"It's about time that social media companies are held responsible for their content and are accountable for their actions," the Bishop of Gloucester, Rachel Treweek, has said after the Government unveiled plans to impose substantial fines on websites that fail to take action against "online harms".
The Department for Digital, Culture, Media and Sport (DCMS) outlined plans on Monday to create an independent watchdog responsible for ensuring websites follow a "code of practice" to protect vulnerable users.
The watchdog would hold websites accountable for breaches by imposing fines or blocking them, with individual executives also being held personally liable.
According to the proposals, websites will face action if they fail to block content such as child sex abuse, hate crimes, revenge pornography or terrorist propaganda.
Bishop Treweek, who has been campaigning for a safer online environment since 2016, said the plans were "an encouraging sign that the online world will start to be regulated to protect people like Molly Russell", the 14-year-old schoolgirl whose parents believe was influenced to take her own life after viewing images on depression and suicide on Instagram.
"It's about time that social media companies are held responsible for their content and are accountable for their actions," said Bishop Treweek.
"No other organisation in the 'real' world has that freedom.
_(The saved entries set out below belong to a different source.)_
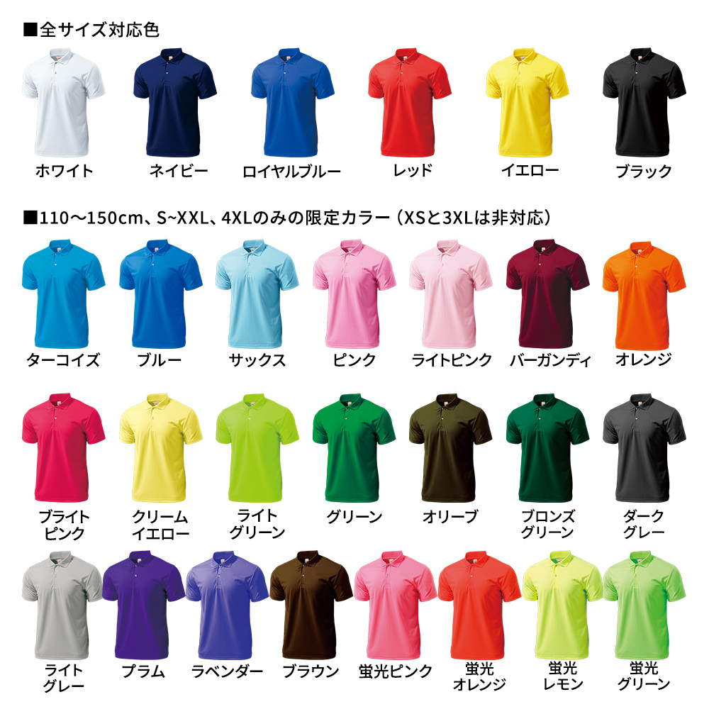 キッズサイズから4XLまで様々な体型の方に着用いただけるドライポロシャツです。
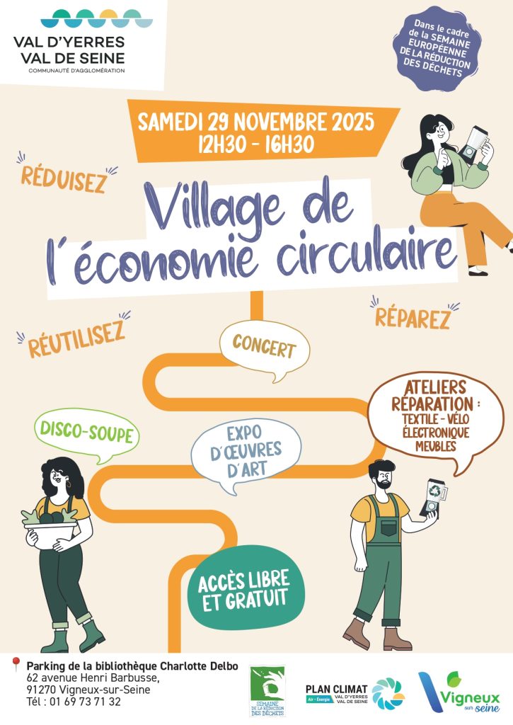 Ne manquez pas le point culminant de la semaine : le Village de l’Économie Circulaire, qui se tiendra le 29 novembre sur le parking de la Bibliothèque Charlotte Delbo. Vous y retrouverez plusieurs stands de réparation, une exposition des artistes Bisk et Lor-K, ainsi que de la musique et de la nourriture préparée à partir d’invendus !
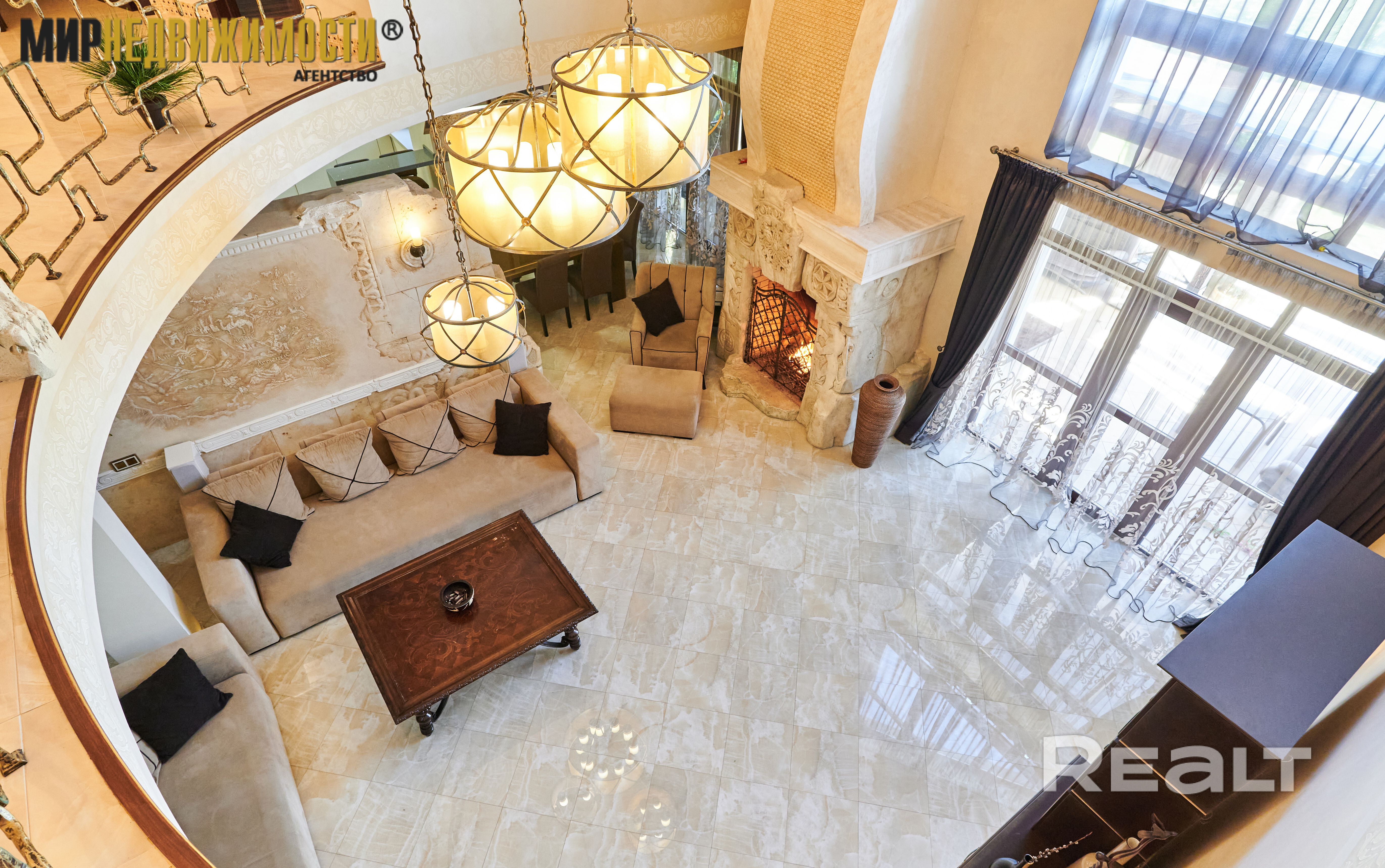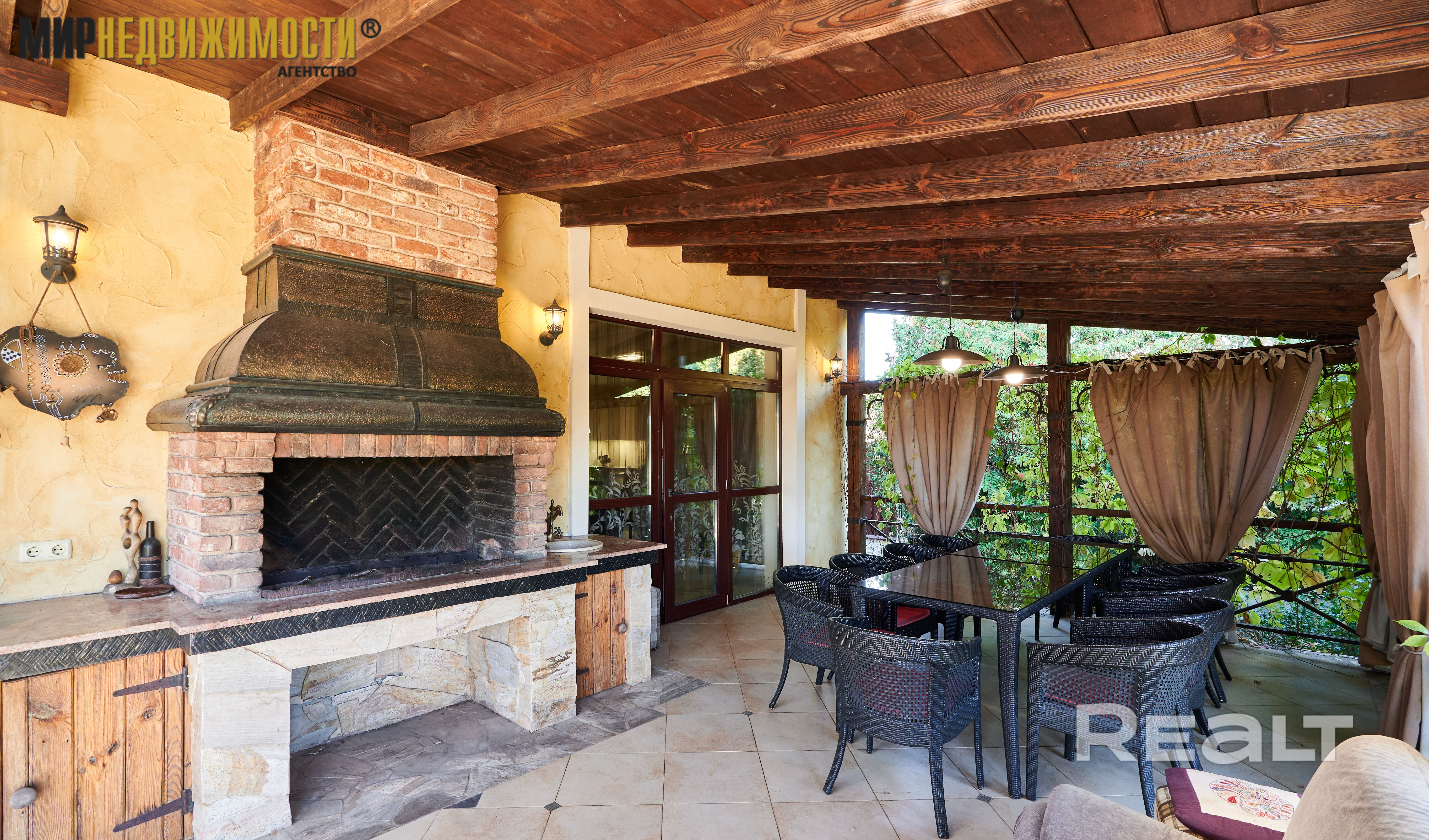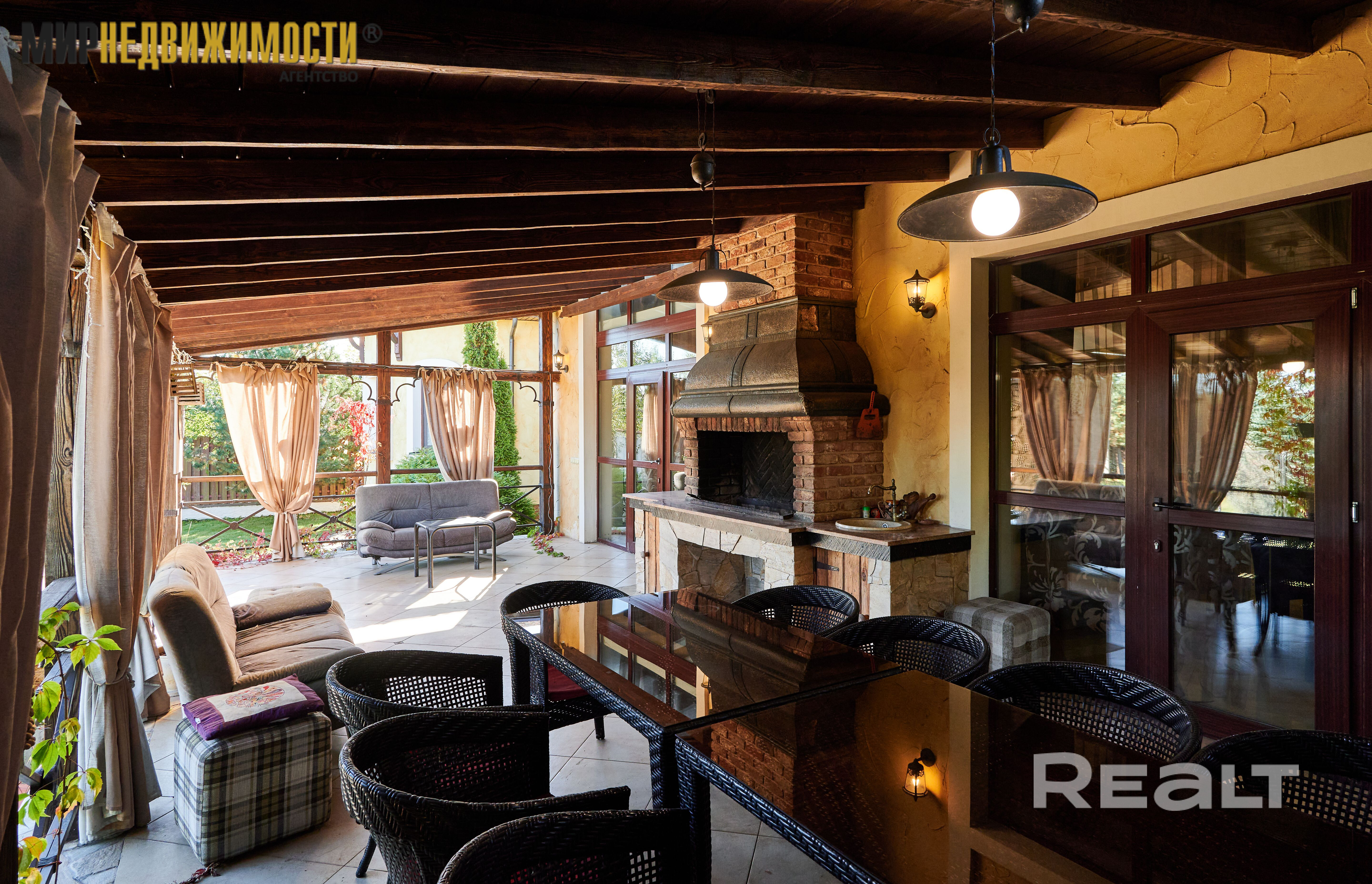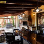 - кухня с большой обеденной зонной 30,1 кв.м., гостиная 42,4 кв.м. с выходом на террасу. В гостиной второй свет и большой камин открытого типа. Терраса с навесом, открытая, большая печь для барбекю;

We manage to regulate electricity, water companies, broadcasters, shops etc through consumer bodies, yet for years social media companies have been allowed to self-regulate.
"These new clear standards, backed up by enforcement powers will hopefully be the step change to start really protecting our children and young people online."
Writing in the Telegraph today, the Bishop of St Albans, Alan Smith, said that the problem of harmful online content needed a global solution.
"There was a time when the global nature of the online world made it possible for people to shrug their shoulders and claim that regulation was impossible," he said.
"Now, with the tide turning, is the time to put that notion away forever: what we are seeing are global problems that require global solutions.
"We need an international treaty-level approach to defining the moral norms and standards for the online world, because like the sea, the waves of the internet wash up on every continent and we have to regard them as deserving of the same attention if we are to harvest their pearls as well as avoid the sharks."